Assigned task » An exact copy of every entry is needed, with no images.

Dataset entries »
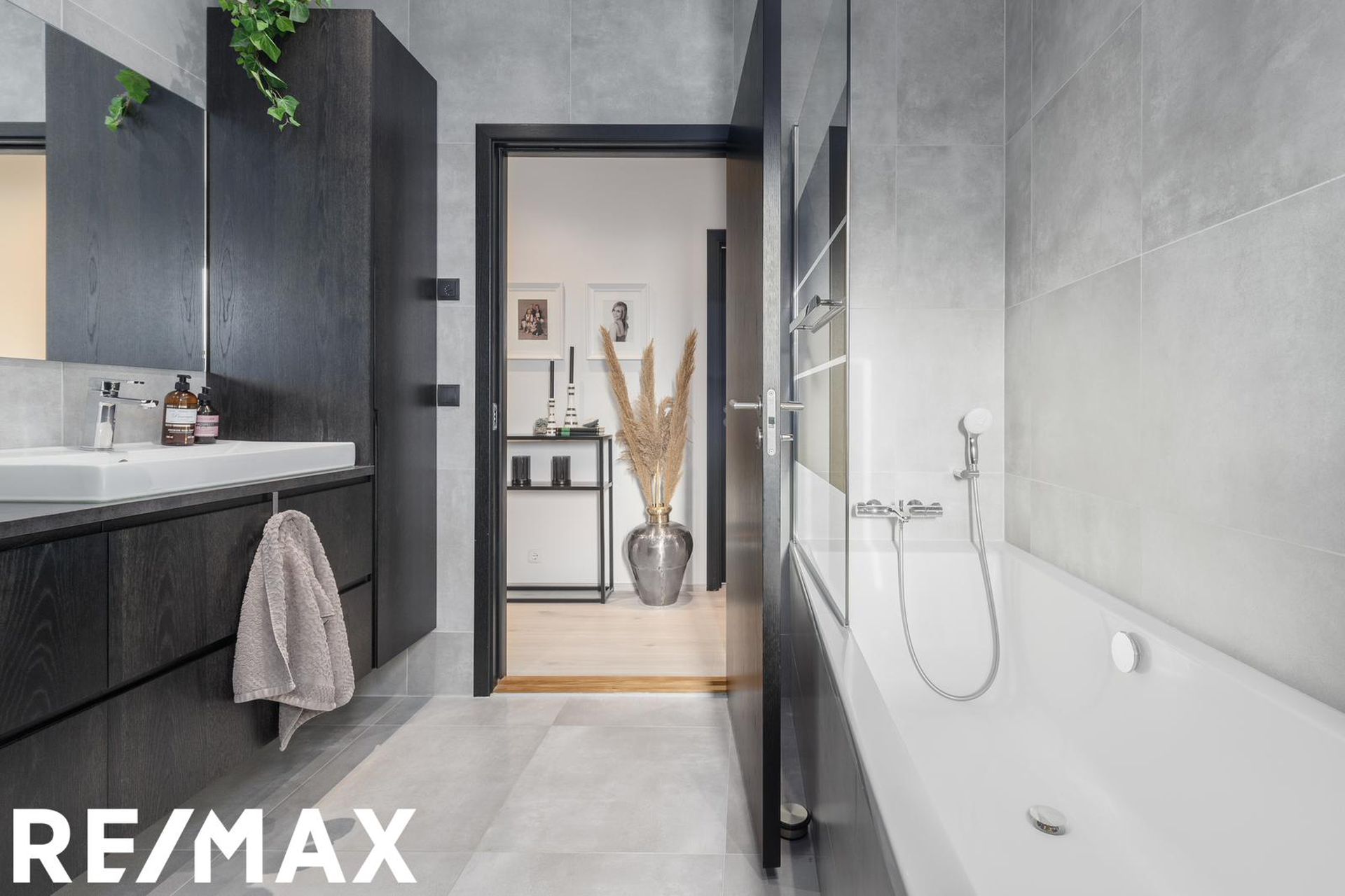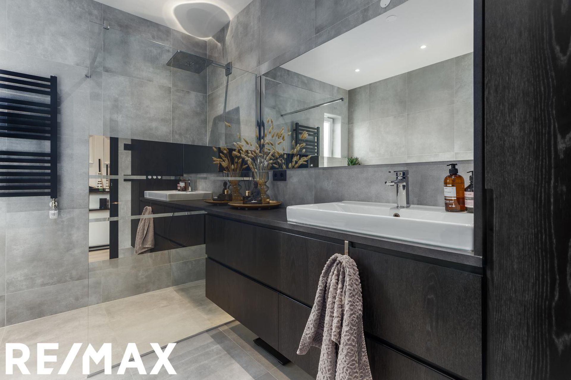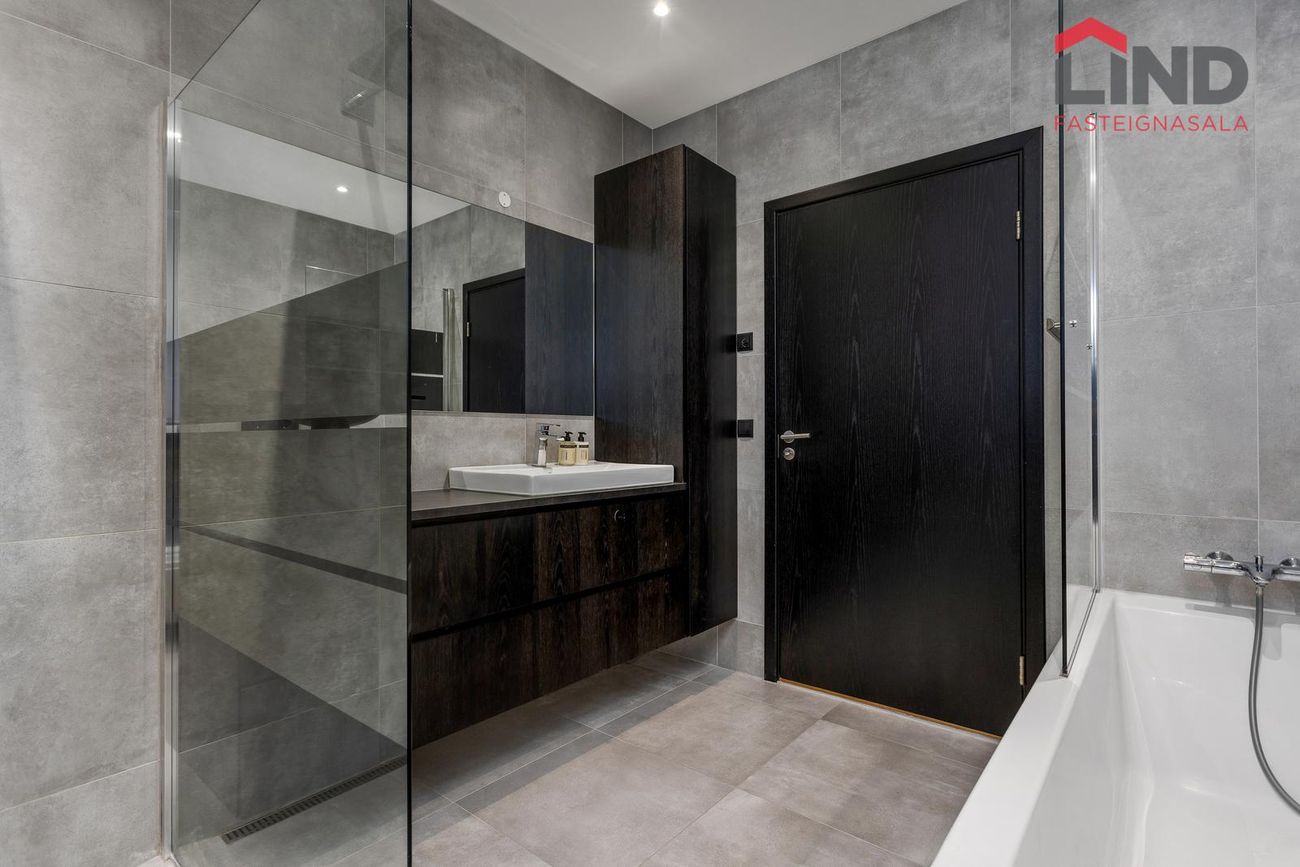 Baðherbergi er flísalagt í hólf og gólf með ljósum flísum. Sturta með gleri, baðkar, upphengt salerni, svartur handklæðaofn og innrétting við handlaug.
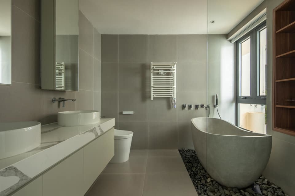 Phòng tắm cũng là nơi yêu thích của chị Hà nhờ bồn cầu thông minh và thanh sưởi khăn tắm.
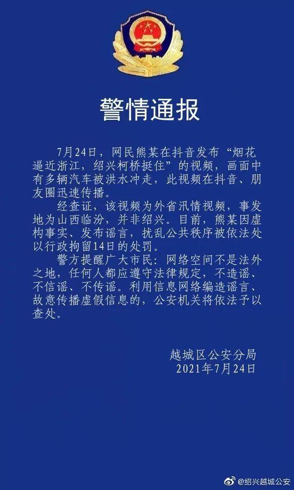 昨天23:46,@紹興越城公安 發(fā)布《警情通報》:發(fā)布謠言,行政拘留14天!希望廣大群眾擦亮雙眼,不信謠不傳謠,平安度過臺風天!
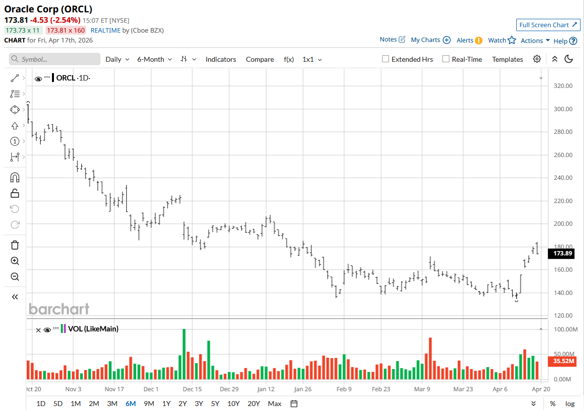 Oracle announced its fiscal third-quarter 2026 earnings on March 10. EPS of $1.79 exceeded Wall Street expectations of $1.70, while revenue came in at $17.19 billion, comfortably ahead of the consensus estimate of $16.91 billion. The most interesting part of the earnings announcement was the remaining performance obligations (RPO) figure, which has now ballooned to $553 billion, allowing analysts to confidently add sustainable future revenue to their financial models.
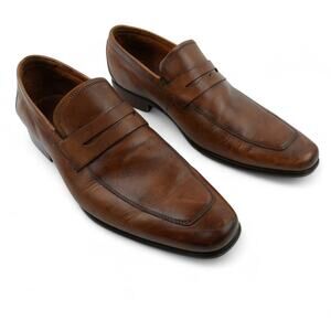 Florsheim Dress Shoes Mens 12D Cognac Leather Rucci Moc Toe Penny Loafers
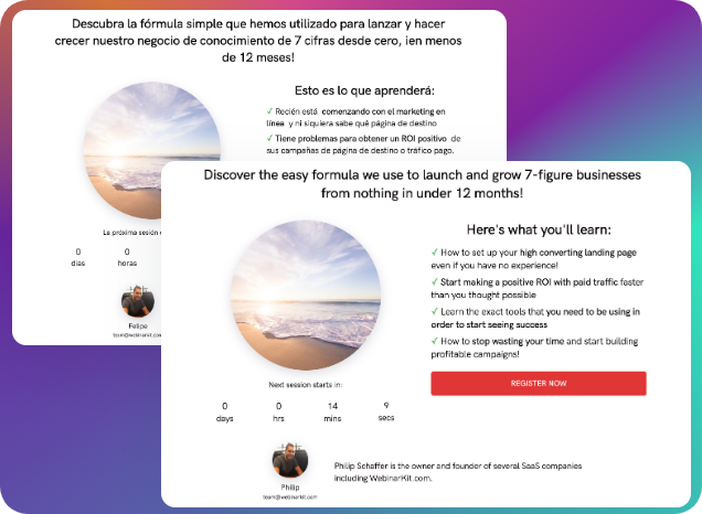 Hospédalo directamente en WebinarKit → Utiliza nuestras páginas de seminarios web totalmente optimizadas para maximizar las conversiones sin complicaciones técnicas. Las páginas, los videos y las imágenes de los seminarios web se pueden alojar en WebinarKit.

Answer below »
 Baðherbergi er flísalagt í hólf og gólf með ljósum flísum. Sturta með gleri, baðkar, upphengt salerni, svartur handklæðaofn og innrétting við handlaug.
 Phòng tắm cũng là nơi yêu thích của chị Hà nhờ bồn cầu thông minh và thanh sưởi khăn tắm.
 昨天23:46,@紹興越城公安 發(fā)布《警情通報》:發(fā)布謠言,行政拘留14天!希望廣大群眾擦亮雙眼,不信謠不傳謠,平安度過臺風天!
 Oracle announced its fiscal third-quarter 2026 earnings on March 10. EPS of $1.79 exceeded Wall Street expectations of $1.70, while revenue came in at $17.19 billion, comfortably ahead of the consensus estimate of $16.91 billion. The most interesting part of the earnings announcement was the remaining performance obligations (RPO) figure, which has now ballooned to $553 billion, allowing analysts to confidently add sustainable future revenue to their financial models.
 Florsheim Dress Shoes Mens 12D Cognac Leather Rucci Moc Toe Penny Loafers
 Hospédalo directamente en WebinarKit → Utiliza nuestras páginas de seminarios web totalmente optimizadas para maximizar las conversiones sin complicaciones técnicas. Las páginas, los videos y las imágenes de los seminarios web se pueden alojar en WebinarKit.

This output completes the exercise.